Storage

Cloud Storage

Cloud Storage provides globally unified, scalable, and highly durable object storage. You can store files in Cloud Storage without having to worry about running out of space, or managing your own filesystems.

Cloud Storage buckets can be configured to store files in a single region, dual-region, or multi-region.

Location

Use Case

Region

Use a region to help optimize latency and network bandwidth for data consumers, such as analytics pipelines, that are grouped in the same region.

Dual-Region

Use a dual-region when you want similar performance advantages as regions, but also want the higher availability that comes with being geo-redundant.

Multi-Region

Use a multi-region when you want to serve content to data consumers that are outside of the Google network and distributed across large geographic areas, or when you want the higher availability that comes with being geo-redundant.

See Cloud Storage Bucket locations for more information.
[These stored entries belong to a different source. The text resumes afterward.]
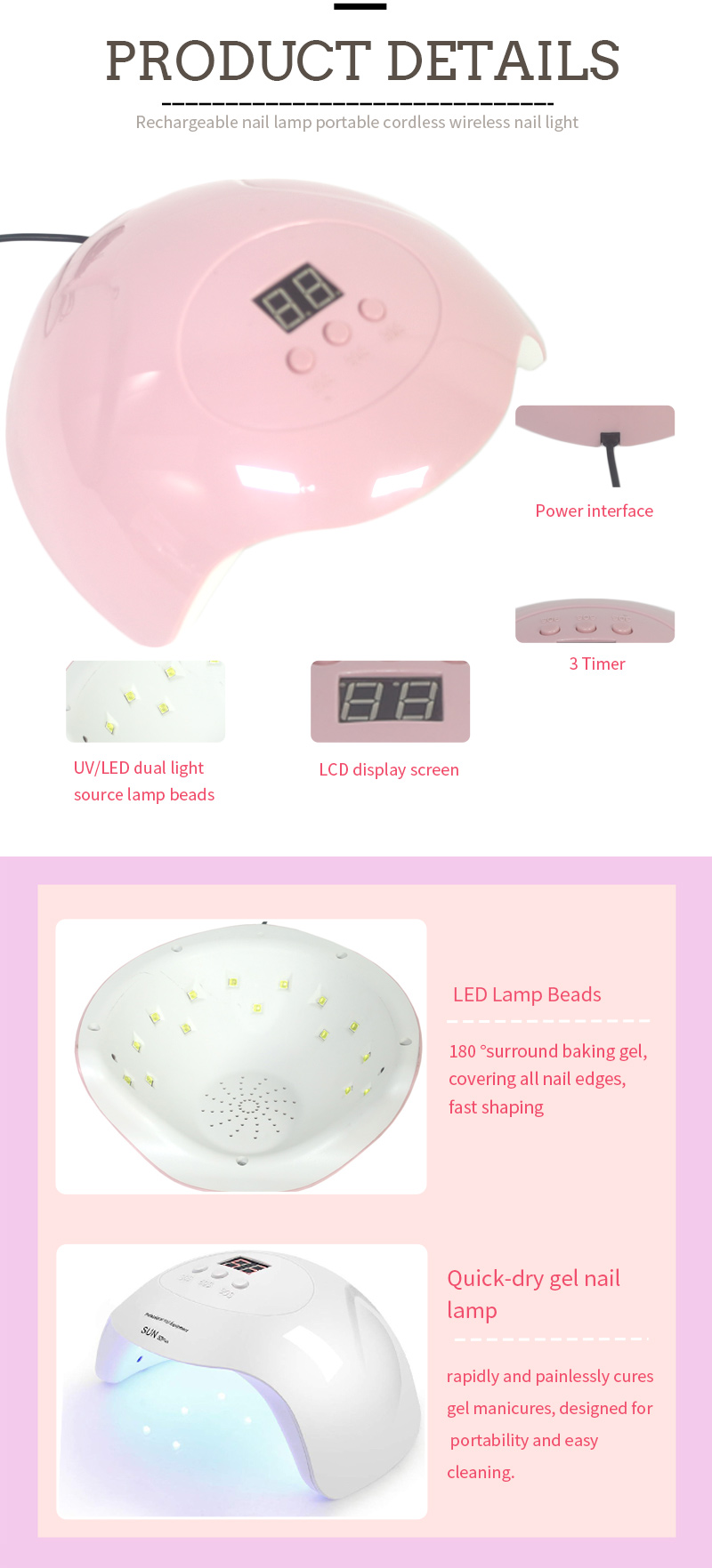 Bidhaa inahakikisha hata kukausha gundi bila shrinkage. Vyanzo vyake viwili vya taa vinatoa inapokanzwa upole kuzuia kubadilika kwa mikono na shida ya jicho, inayofaa kwa mikono na miguu, ikitoa matokeo ya kukausha haraka.
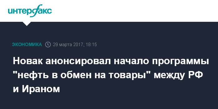 Москва. 29 марта. INTERFAX.RU - Программа "нефть в обмен на товары" между Россией и Ираном может заработать в 2017 году, сообщил журналистам министр энергетики РФ Александр Новак.
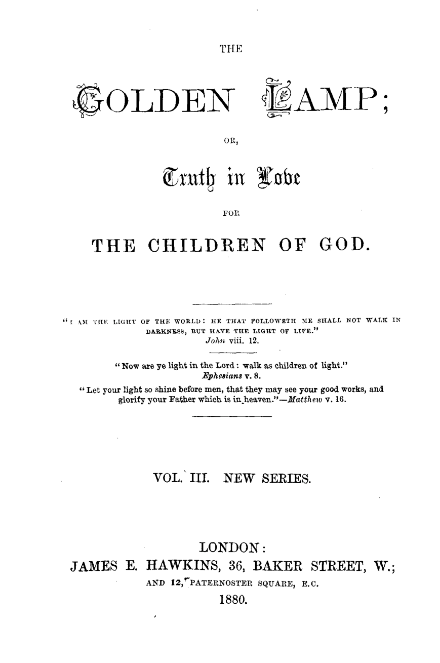 The Golden Lamp: Or Truth in Love for the Children of God
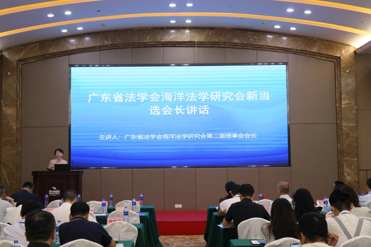 郭萍教授在当选会长后发表讲话,她表示,海洋法学研究会将团结国内外有关领域的学者和实务专家,围绕海洋强国战略、广东海洋强省建设需求,深化海洋法治理论研究,推动学术成果转化,为区域海洋经济高质量发展提供智力支持。
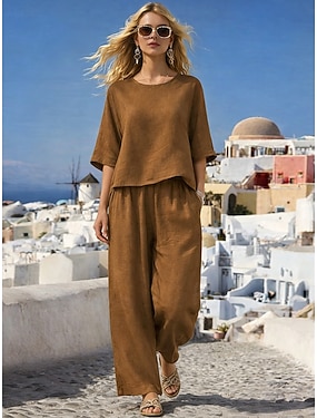 Mulheres Conjuntos de linho de algodão Manga 3/4 Decote Redondo Férias Básico Casual Diário Férias Preto Branco Azul Marinha Verão Ajuste Largo
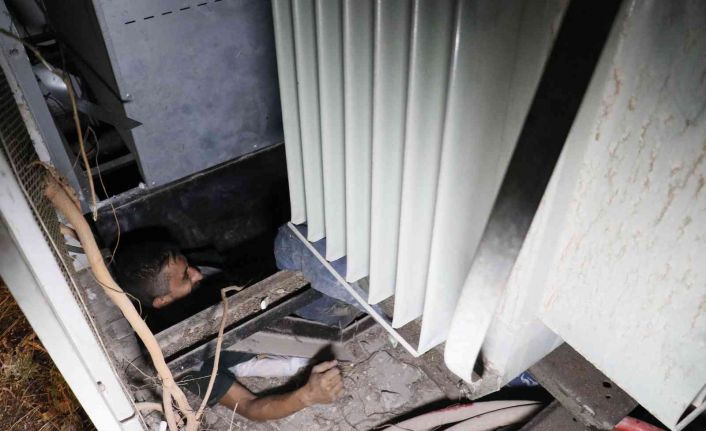 Adana’da trafodan kablo çalmak için içeri girdiği öne sürülen kişi içeride yere düştükten sonra demirlerin arasına sıkıştı. Vatandaşların ihbarı üzerine olay yerine gelen polis ekipleri, hırsızlık şüphelisi kişiyi yakaladı. Trafoya giren şüpheli, uyumak için girdiğini söyledi.
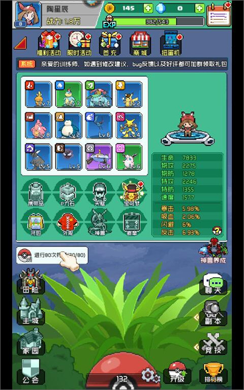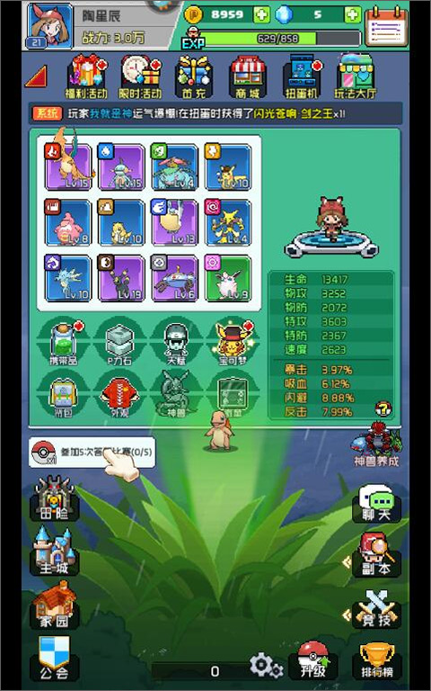 3、玩家在游戏中通过不断地进行狩猎抽取宝可梦,达到一定数量等级后就可以进行角色升级了;

Cloud Storage buckets can also be configured with a different Storage Class, for different access patterns to optimize cost.

Storage Class

Use Case

Standard

Standard Storage is best for data that is frequently accessed ("hot" data) and/or stored for only brief periods of time.

Nearline

Nearline Storage is a low-cost, highly durable storage service for storing infrequently accessed data. Nearline Storage is a better choice than Standard Storage in scenarios where slightly lower availability, a 30-day minimum storage duration.

Coldline

Coldline Storage is a very-low-cost, highly durable storage service for storing infrequently accessed data. Coldline Storage is a better choice than Standard Storage or Nearline Storage in scenarios where slightly lower availability, a 90-day minimum storage duration.

Archive

Archive Storage is the lowest-cost, highly durable storage service for data archiving, online backup, and disaster recovery. Unlike the "coldest" storage services offered by other Cloud providers, your data is available within milliseconds, not hours or days.
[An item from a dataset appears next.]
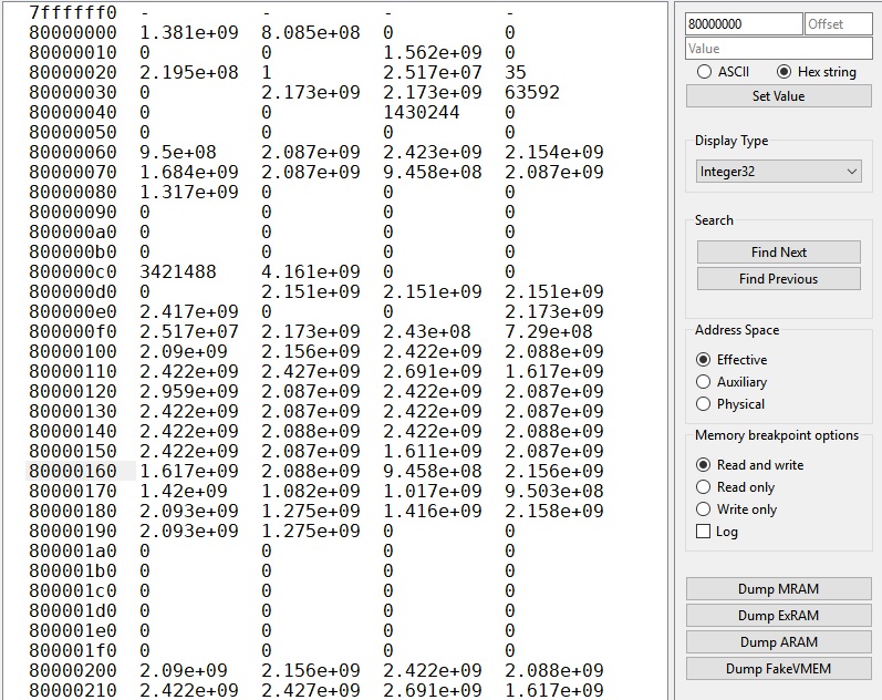 @AdmiralCurtiss I need your thoughts on how the rows should be aligned if you input 80000001 or 80000002. Keep in mind integer values change if the alignment isn't a multiple of the underlying byte length. The easy thing to do is forcibly round the row addresses to 0 at all times and just highlight the target address so you know where to look, but I'm thinking you need more functionality than that. 4 byte and 8 byte row lengths would of course if you rows aligned like that: Like 80000000, 80000004, 80000008 for byte. |

See Cloud Storage Classes for more information.

Enable API

gcloud services enable storage-component.googleapis.com

Create a Bucket

A bucket is the top-level directory that you can add additional files and sub-directories into. A bucket name must be globally unique. For example, create a bucket with the same name as your Google Cloud project.

PROJECT_ID=$(gcloud config get-value project)
gsutil mb gs://$PROJECT_ID

Copy a File

echo "Hello World" > hello.txt
gsutil cp hello.txt gs://$PROJECT_ID

Delete a File

gsutil rm gs://$PROJECT_ID/hello.txt

Spring Resource

With Spring Cloud GCP, you can use Spring Resource to perform store and retrieve file from Cloud Storage.

Dependency

Add the Spring Cloud GCP Storage starter:

<dependency>
    <groupId>org.springframework.cloud</groupId>
    <artifactId>spring-cloud-gcp-starter-storage</artifactId>
</dependency>

Configuration

There is no explicit configuration required if you use the automatic authentication and project ID detection. I.e., if you already logged in locally with gcloud command line, then it'll automatically access buckets that you have access to.
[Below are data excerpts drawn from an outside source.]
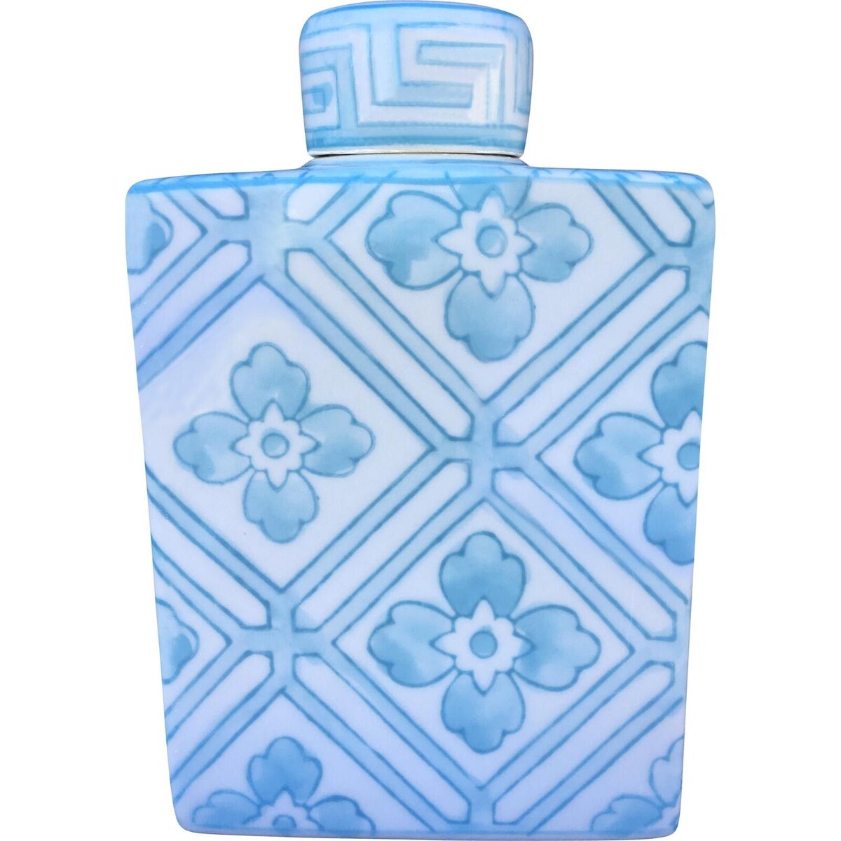 Homes reflect the people we are - and the choices we make in what belongs s to our home certainly helps depict the art and design leaning we have - here is a splendid means to make your artistic side come to the fore. The simple and beautiful lines of this high glaze ceramic container as such will be difficult to resist. The jar is 17 cm tall with a light blue floral colour that harks back to the times when blue and white tiling was the norm in several mid - eastern designs and architecture as well. The jar is topped with a cap and stands robustly on its rectangular base. The well - balanced design comes from perfect aligning of length and height. Could be used to break the monotony of spaces and helping blend in this lovely Mediterranean blue colour into it. Could be paired up with several such ceramic pieces and help create a more vintage appeal in that space.
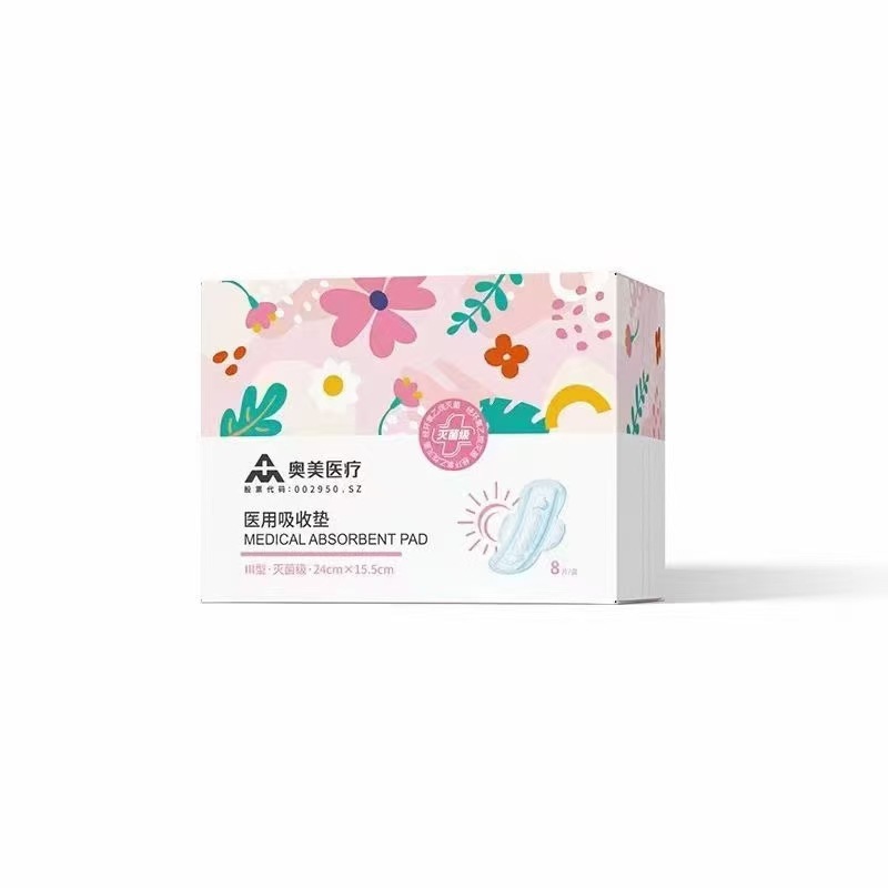 奥美医疗医用吸收垫日用夜用护垫加长型家用卫生巾型无菌型盒装
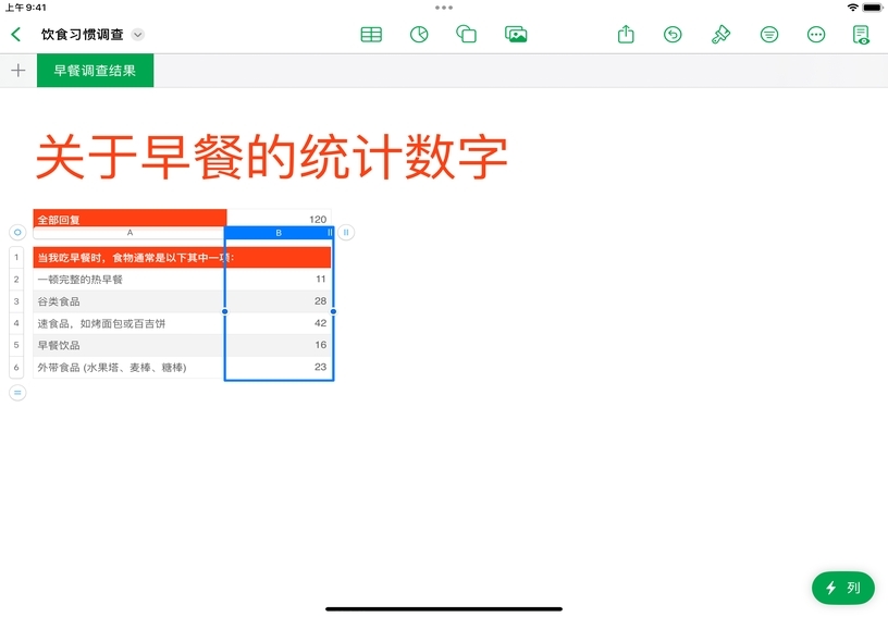 选择数据。轻点你要纳入图表的数据所在列或行的顶部位置。
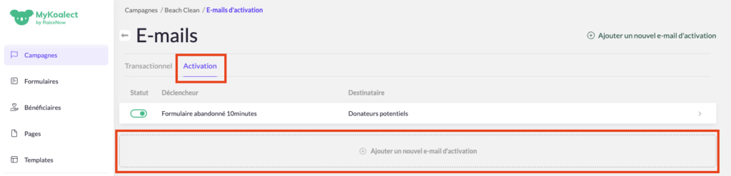 3. Cliquez sur « Ajouter un nouvel e-mail d’activation ».

Notice that there is no explicit configuration for username/password. Cloud Storage authentication uses the GCP credential (either your user credential, or Service Account credential), and authorization is configured via Identity Access Management (IAM).

Storage Client

The starter automatically creates a pre-configured Storage bean that provides raw-access to Google Cloud Storage.

@Bean
ApplicationRunner storageRunner(Storage storage, GcpProjectIdProvider projectIdProvider) {
  return (args) -> {
    Page<Blob> list = storage.list(projectIdProvider.getProjectId());
    list.iterateAll().forEach(blob -> System.out.println(blob.getName()));
  };
}

Resource URI

You can address a Cloud Storage file by using the resource URI prefixed with gs://. The fully qualified URI is of the form: gs://project-id/path/to/file.

Read a file

You can open the Resource using ApplicationContext. Then read the content from InputStream. You must close the stream when you are done (or wrap with try-with-resource since it's auto-closeable).

@Bean
ApplicationRunner runner(ApplicationContext ctx, GcpProjectIdProvider projectIdProvider) {
  return (args) -> {
    WritableResource resource = (WritableResource) ctx
        .getResource(String.format("gs://%s/hello.txt", projectIdProvider.getProjectId()));
    try (PrintWriter writer = new PrintWriter(resource.getOutputStream())) {
      writer.println("Hello World!");
    }
  };
}

Write a file

You can open the Resource using ApplicationContext. Then cast the Resource to a WritableResource, and then use the OutputStream to write the content. Lastly, you must close the stream in order for the file to write (or wrap with try-with-resource since it's auto-closeable).

@Bean
ApplicationRunner readRunner(ApplicationContext ctx, GcpProjectIdProvider projectIdProvider) {
  return (args) -> {
    Resource resource = ctx
        .getResource(String.format("gs://%s/hello.txt", projectIdProvider.getProjectId()));
    try (InputStreamReader reader = new InputStreamReader(resource.getInputStream())) {
      BufferedReader bufferedReader = new BufferedReader(reader);
      bufferedReader.lines().forEach(System.out::println);
    }
  };
}

Samples

Spring Integration

You can channel adapters for Google Cloud Storage to read and write files to Google Cloud Storage through MessageChannels.

Dependency

Add both the Spring Cloud GCP Storage starter, and Spring Integration File component.

<dependency>
    <groupId>org.springframework.cloud</groupId>
    <artifactId>spring-cloud-gcp-starter-storage</artifactId>
</dependency>
<dependency>
    <groupId>org.springframework.integration</groupId>
    <artifactId>spring-integration-file</artifactId>
</dependency>

Inbound Channel Adapter

Inbound File Synchronizer

File-based integration with files typically requires polling a directory that contains the new files. In Spring Integration, this is configured through an InboundFileSynchronizer. Use GcsInboundFileSyncronizer to create a MessageSource and adapt it to a MessageChannel.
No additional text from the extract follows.